In order to provide insight into the Moldovan insolvency procedure, we will deal briefly below with the major aspects and novelties of the new Insolvency Law (the “Law”).
Applicability of the Law. The new Law regulates all aspects of insolvency of any type of business entity, including state-owned enterprises, insurance companies, investment funds, and non-profit organizations. The Law also applies to individual entrepreneurs, i.e., sole traders (individual enterprises) and patent holders. The Law does not apply to banks or to insolvencies of state and local administrative entities.
Insolvency Procedure. The Law provides the following procedures for satisfying the claims of creditors on account of the debtor’s assets: (1) a restructuring procedure, involving a repayment of debt in accordance with a plan and the debtor’s financial and economic revival; or (2) a bankruptcy procedure, involving the sale of all debtor assets in order to repay its debts and the liquidation of the debtor.
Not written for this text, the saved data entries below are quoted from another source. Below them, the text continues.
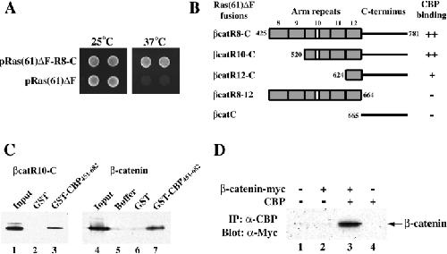 Figure 1. Interaction between β-catenin and CBP. A, Complementation of the cdc25-2 mutation through the interaction of β-catenin COOH-terminal region with CBP. The temperature-sensitive cdc25-2 yeast cells were cotransformed with the indicated plasmids and the CBP expression plasmid isolated in the screening, and incubated on galactose containing plates either at 25 (left) or 37°C (right). B, Fine mapping of the β-catenin domain that binds to CBP in yeast. Cells were cotransformed with the indicated plasmids together with the CBP expression plasmid, and tested for the growth at 37°C as described for A. The numbers indicate the locations in the amino acid sequence of β-catenin. ++, Efficient growth; +, poor growth; â, no growth. C, β-Catenin directly binds to CREB-binding domain of CBP. Bacterially expressed and purified His-tagged βcatR10-C or myc-tagged β-catenin was incubated with buffer (lane 5), GST (lanes 2 and 6), or GST-CBP 451â682 (lanes 3 and 7). After extensive washing, bound proteins were eluted and resolved by SDS-PAGE. βCatR10-C and β-catenin were detected by an anti-His antibody and an anti-myc antibody, respectively. Approximately 10% of the input is shown (lanes 1 and 4). D, Coimmunoprecipitation of CBP and β-catenin. COS7 cells were transfected with expression plasmids for CBP and/or myc-tagged ptβ-catenin as indicated. Cell lysates were immunoprecipitated with anti-CBP polyclonal antibodies 2 d after transfection. The immunoprecipitates were separated by SDS-PAGE and subjected to Western blotting with anti-myc antibodies.
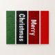 Ein rotes und grünes, horizontal gestreiftes Muster und der Text: Frohe Weihnachten. Sie können auf Personalisieren klicken und den Text bearbeiten. Schreiben Sie 2 Wörter in einer Zeile und sie werden auf zwei Zeilen angezeigt.
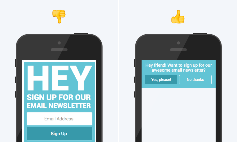 Remember: mobile users are extremely demanding when it comes to the mobile experience. Before launching any new pop-ups on your website, take some time to check your mobile version and see if anything could be improved. Do not display pop-ups that cover the main content or hamper the user experience.
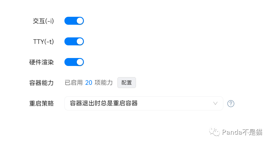 随后我们点击创建镜像,将权限以及能力全部打勾防止容器因为权限不足导致无法启动或重复启动的情况出现,重启策略选择容器退出时重启即可。
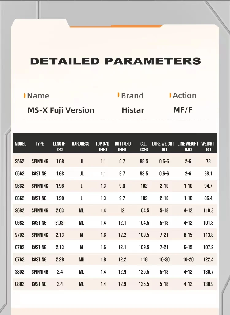 MODEL | TYPE | LENGTH(M) | HARDNESS | TOP O/D(MM) | BUTT O/D(MM) | C.L.(CM) | LURE WEIGHT(G) | LINE WEIGHT(LB) | WEIGHT(G) |
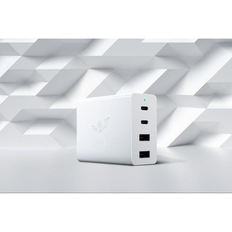Cargador de Móvil Razer RC21-01700200-R3M1 potencia de 130W 4 puertos USB (2 Tipo C) diseño compacto Blanco
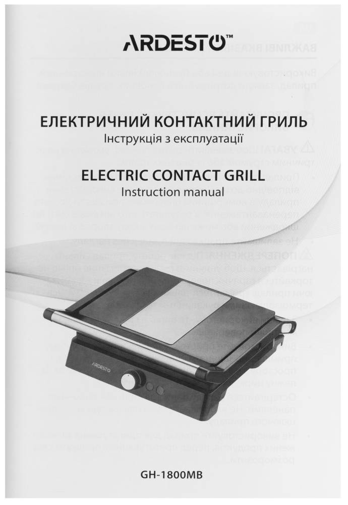 Контактный гриль Ardesto GH-1800MB
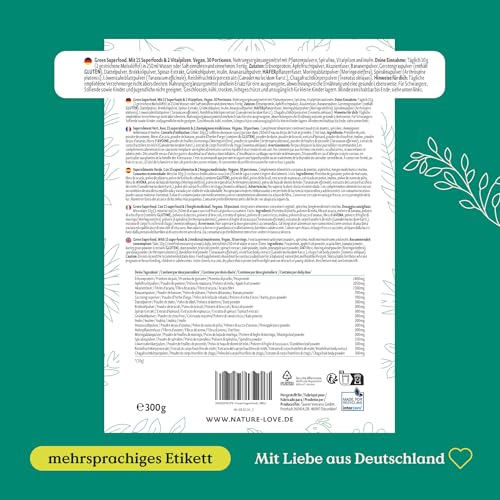 NATURE LOVE® Green Superfood – 300g mit 15 Superfoods & 2 Vitalpilzen für ein natürliches Wohlbefinden
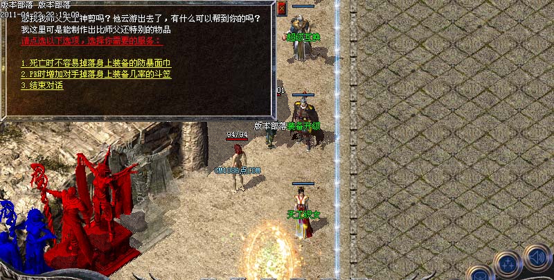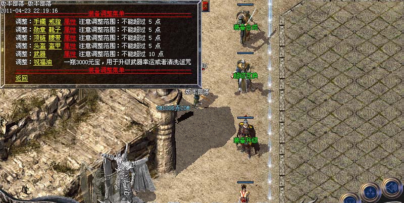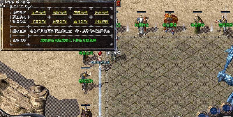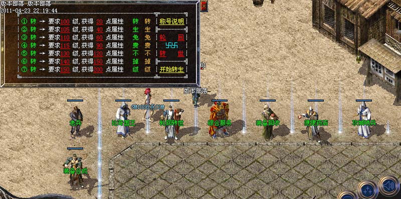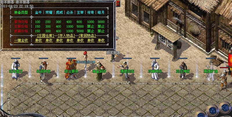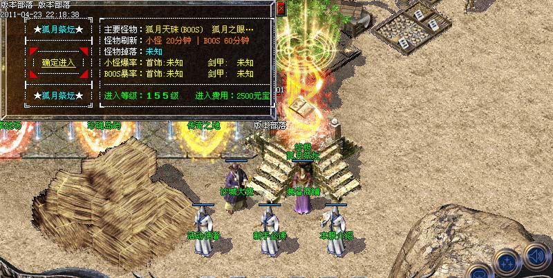 ②战后补给:每晚攻沙后22:30--23:30在[土武器店门口]附近每隔5分钟发放1W元宝、1000W经验卷

The Law also introduces two new procedures which are vital for realizing the expediency principle. The first one is the expedited restructuring procedure: an insolvency procedure that is meant to restore the debtor’s business and which may start immediately after application or after observation and should be completed within a short timeframe. The second one is the simplified liquidation procedure, which is an insolvency procedure to liquidate the debtor within a short timeframe.
Grounds for Initiating the Insolvency Process. The general ground for initiating the insolvency procedure is a debtor’s inability to pay, while the special ground for insolvency is over-indebtedness of the debtor.
A creditor can file an application for debtor’s insolvency if the creditor is able to show that it has a legitimate claim against the debtor, the debtor has failed to pay the debt by the due date, and the creditor has notified the debtor that the debt is overdue.
The debtor may initiate the insolvency procedure when there is a risk of inability to pay. The debtor is obliged to file an introductive application immediately, but not later than upon expiration of 30 days from the moment of occurring any of the grounds for initiating the insolvency procedure. The court shall pass a decision on initiation of the insolvency process within 10 days.
Realization of Debtor Assets. The term of realization or liquidation of the debtor’s insolvency assets shall not exceed two years from the moment of initiation of the insolvency procedure. Upon expiration of two years, any unused debtor’s assets shall be sold without delay in a Dutch auction without the consent of the creditors’ meeting, until the price falls to zero, at which point direct negotiations should be started.
Terms. The Law provides the specific terms for procedural actions, including, where permitted, the grounds for extending the relevant term. Thus, the parties are able to estimate the time required for completing each procedural step. For example, the Law stipulates that the term for examining an initiation of the insolvency process shall not exceed 60 working days, starting from the date of accepting the introductive application for examination.
Authorized Administrators. The lawmaker created a mechanism of authorization of and supervision over the insolvency administrators through the Law on Authorized Administrators of 2014.
Jurisprudence. At the moment there is no streamlined and well elaborated judicial practice on applying the new Insolvency Law. However, the Supreme Court of Justice – within one year of the new Law’s entry into force – has made a dedicated effort to explain how the legislative provisions should be applied by adopting a Decision of the Plenary Hearing of the Court on the Judicial Practice of Application of the Insolvency Law. Additionally, the Supreme Court of Justice publishes explications and recommendations of application of certain legislative rules, which have turned out to be a rather useful instrument for judges, insolvency attorneys, and businesses.